A ligand that donates an odd number of electrons to a metal is formally a radical and it is stabilized by bonding to the metal. A ligand that donates an even number of electrons to a metal is generally a neutral molecule and it is stable even if it is not bonded to the metal. Carbene or carbyne ligands are exceptions to this rule. The chemical formula of an organometallic compound is expressed in many cases without using the square brackets [ ] usual for such a complex, and we shall follow this convention in this book.
Table $5$ Hapticity and number of donating electrons of hydrocarbon ligands
Name Hapticity Number of electrons Example
Alkyl $\eta^{1}$ 1 W(CH3)6
Alkylidene $\eta^{1}$ 2 Cr(CO)5{C(OCH3)C6H5}
Alkene $\eta^{2}$ 2 K[PtCl3(C2H4)]
$\pi$-allyl $\eta^{3}$ 3 Ni($\eta^{3}$-C3H5)2
Diene $\eta^{4}$ 4 Fe(CO)3($\eta^{4}$-C4H6)
Cyclopentadienyl $\eta^{5}$ 5 Fe($\eta^{5}$-C5H5)2
Arene $\eta^{6}$ 6 Cr($\eta^{6}$-C6H6)2
Tropylium $\eta^{7}$ 7 V(CO)3($\eta^{8}$ -C7H7)
Cyclooctatetraene $\eta^{8}$ 8 U($\eta^{8}$ -C8H8)2
Exercise $4$
Describe the difference between cyclopentadiene and cyclopentadienyl ligands.
Answer
The chemical formula of cyclopentadiene is C5H6 and it is bonded to a metal as a $\eta^{2}$ or $\eta^{4}$ ligand. The chemical formula of cyclopentadienyl is C5H5 and it is bonded to a metal as a $\eta^{1}$, $\eta^{3}$, or $\eta^{5}$ ligand.
Alkyl ligands
Alkyl or aryl transition metal compounds have M-C single bonds. In spite of many attempts over most of the course of chemical history, their isolation was unsuccessful and it was long considered that all M-C bonds were essentially unstable.
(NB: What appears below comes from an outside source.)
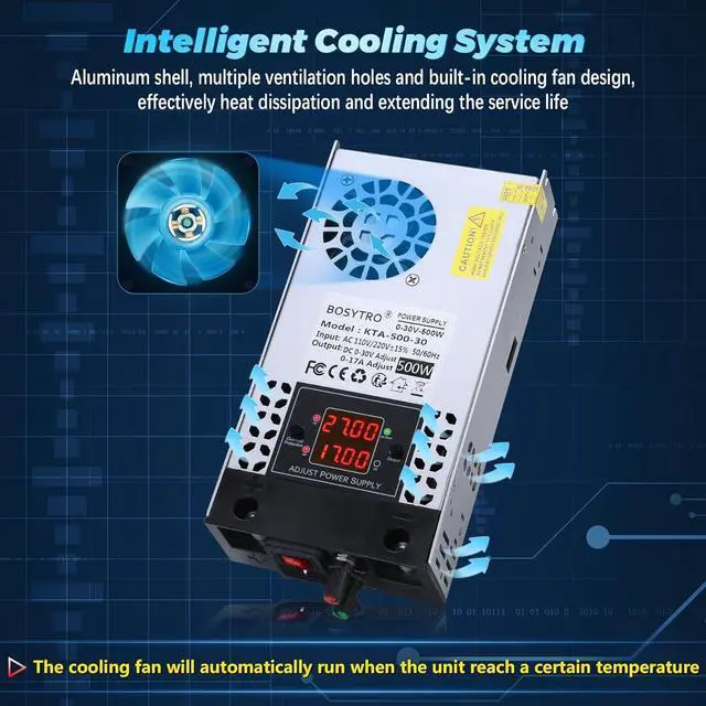 Adjustable Power SupplyThis ac to dc converter compatible with AC 110V/230V input voltage (manual switching), support output voltage range 0-30v and output current range 0-17A, suitable for 5V 9V 12V 24v 30v devices, max adjust voltage up to 30V; used for 1A 2A 3A 5A 8A 10A 12.5A 17A devices, max adjust current up to 17A, max output power 500W, Conversion efficiency 85%

Stable alkyl complexes began to be prepared gradually only from the 1950s. Cp2ZrCl(Pr),WMe6, CpFeMe(CO)2, CoMe(py)(dmg)2, (dmg = dimethylglyoximato), IrCl(X)(Et)(CO)(PPh3)2, NiEt2(bipy), PtCl(Et)(PEt3)2 are some representative compounds. Among various synthetic processes so far developed, the reactions of compounds containing M-halogen bonds with main-group metal-alkyl compounds, such as a Grignard reagent or an organolithium compound, are common synthetic routes. Especially vitamin B12, of which D. Hodgkin (1964 Nobel Prize) determined the structure, is known to have a very stable Co-C bond. Metal alkyl compounds which have only alkyl ligand, such as WMe6, are called homoleptic alkyls.
It is gradually accepted that a major cause of the instability of alkyl complexes is the low activation energy of their decomposition rather than a low M-C bond energy. The most general decomposition path is $\beta$ elimination. Namely, the bonding interaction of a hydrocarbon ligand with the central transition metal tends to result in the formation of a metal hydride and an olefin. Such an interaction is called an agostic interaction. Although an alkyl and an aryl ligand are 1-electron ligands, they are regarded as anions when the oxidation number of the metal is counted. The hydride ligand, H, resembles the alkyl ligand in this aspect.
$\pi$ allyl complexes
If an allyl group, CH2=CH-CH2-, is bonded to a metal via a carbon atom, it is a 1-electron ligand like an alkyl group. If the double bond delocalizes, three carbon atoms bond to the metal simultaneously as a 3-electron ligand. This is also an odd electron and formally anionic ligand and is stabilized by being coordinated to the metal.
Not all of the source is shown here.